Samples were tested for HCV genotype using the commercial Abbott kit according to the manufacturer's specifications (https://www.abbottmolecular.com/products/realtime-hcv-genotype-II.html). Briefly, the Abbott Real Time HCV genotype II is an in vitro RT-PCR assay using polymerase chain reaction for the determination of HCV genotypes in the plasma or serum of individuals with HCV infection with the lower detection limit of 500 I.U. of HCV RNA copies/mL. After an initial PCR amplification using primers designed for HCV conserved region, fluorescent oligonucleotide probes with specific labeling for HCV genetically diverse genomic regions of genotypes 1, 2, 3, 4, 5 and 6, and subtypes 1a and 1b were used for genotype assignment. When more than one distinct fluorescence was detected in a single plasma sample, dedicated software interpreted the result as infections with more than one HCV genotype. During the sample collection period, 3.2% of collected plasma samples did not yield a clear genotype assignment using the Abbott Real Time HCV genotype II platform, and these patients were excluded from further analysis.

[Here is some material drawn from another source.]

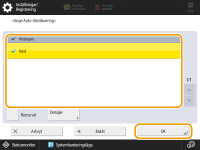 Om systemansvarigs-ID och PIN-kod för klientmaskinen skiljer sig från värdmaskinen, kan enhetsinformation inte distribueras. Ändra systemansvarig-ID och PIN-kod Det kan ta flera minuter att förbereda för distribuering av enhetsinformation eller för att uppdatera information som har tagits emot. Stäng inte av maskinen innan den är klar med förberedelserna eller uppdateringen. Det kan leda till att maskinen inte fungerar korrekt. Skärmen för inställningsuppdatering visas på klientmaskinen som tar emot enhetsinformation och inga åtgärder kan utföras förrän uppdateringen är klar. Vi rekommenderar att du distribuerar enhetsinformation vid en tidpunkt utan användare. |

All samples submitted to HCV subtyping by the Ministry of Health were tested for HIV antibodies using the rapid HIV test kit TR DPP® HIV1/2, Bio-Manguinhos—Institute of Technology in Immunobiology, Industry, in accordance with the manufacturer's instructions. The test qualitatively determines the presence of the anti-HIV antibody by immunochromatography, is easy to perform, does not require laboratory infrastructure for its performance and can generate results within 30 minutes. [21]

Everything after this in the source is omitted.